Engineers at Drexel University in Philadelphia have come up with a new Lithium-Sulphur (Li-S) cell technology that could pave the way for the development of more efficient, sustainable and cost-effective batteries than the current lithium-ion (Li-ion) batteries in use today.
The researchers documented their findings in a research article titled, “Stabilization of gamma sulfur at room temperature to enable the use of carbonate electrolyte in Li-S batteries,” published in Nature Communications Chemistry.
Scientists have long envisioned replacing Li-ion batteries with Li-S batteries. The latter use Sulphur instead of the cobalt found in Li-ion batteries. Sulphur is an extremely common element that is cheaply available while Cobalt is rare and expensive and associated with unethical mining in countries such as the Democratic Republic of the Congo.
One benefit of Li-S batteries is that they have a higher theoretical energy density and can hold twice the charge of a regular Li-ion battery. But there are some major roadblocks to its viable adoption, which is what the scientists at Drexel tried to solve during the course of their research.
“When sulphur reacts with lithium, it’s not a very simple reaction.

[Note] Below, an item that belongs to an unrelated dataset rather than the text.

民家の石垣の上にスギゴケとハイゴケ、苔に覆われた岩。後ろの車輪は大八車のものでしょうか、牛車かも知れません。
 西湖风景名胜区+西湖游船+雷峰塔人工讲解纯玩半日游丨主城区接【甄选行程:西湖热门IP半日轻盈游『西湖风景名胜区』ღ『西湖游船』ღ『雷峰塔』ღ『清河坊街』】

It creates many intermediaries called polysulphides. These polysulphides dissolve in the electrolyte (liquid inside the battery) as the cell functions. Basically, you lose energy storing capacity with each charging cycle,” Vibha Kalra, the supervisor of the project and corresponding author of the paper told indianexpress.com.

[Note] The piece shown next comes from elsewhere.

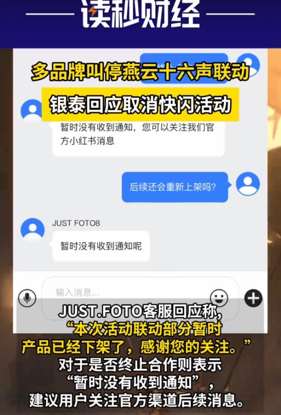 12月30日,@读秒财经 分别询问了两家合作方的客服。JUST.FOTO客服回应称,“本次活动联动部分暂时产品已经下架了,感谢您的关注。”对于是否终止合作则表示“暂时没有收到通知”,建议用户关注官方渠道后续消息。

This phenomenon is a deal-breaker and renders the benefits of Li-S batteries useless because their capacity will diminish with each cycle. But that is not the only problem.
“Most Li-S technologies make use of what are known as ether electrolytes which have a boiling point of around 50 degrees celsius making them quite dangerous and inappropriate for most practical applications,” Kalra explained. He is also a professor and Director of the PhD Program in the Department of Chemical and Biological Engineering at Drexel University.
The Drexel engineers tried to address these problems with a new technique where they tried to enable a Li-S battery with a carbonate electrolyte by physically confining sulphur into micropores of carbon. But when they tried that, they made an interesting discovery.
“The hypothesis was when we started this was that if you physically confine them, even if polysulphides are found, they would not directly interact with the carbonate solvent species and that would help prevent an adverse reaction. But in doing so we, came up with this Vapour Deposition method to incorporate sulphur into these porous carbons that we had in our lab,” said Kalra, explaining the team’s research.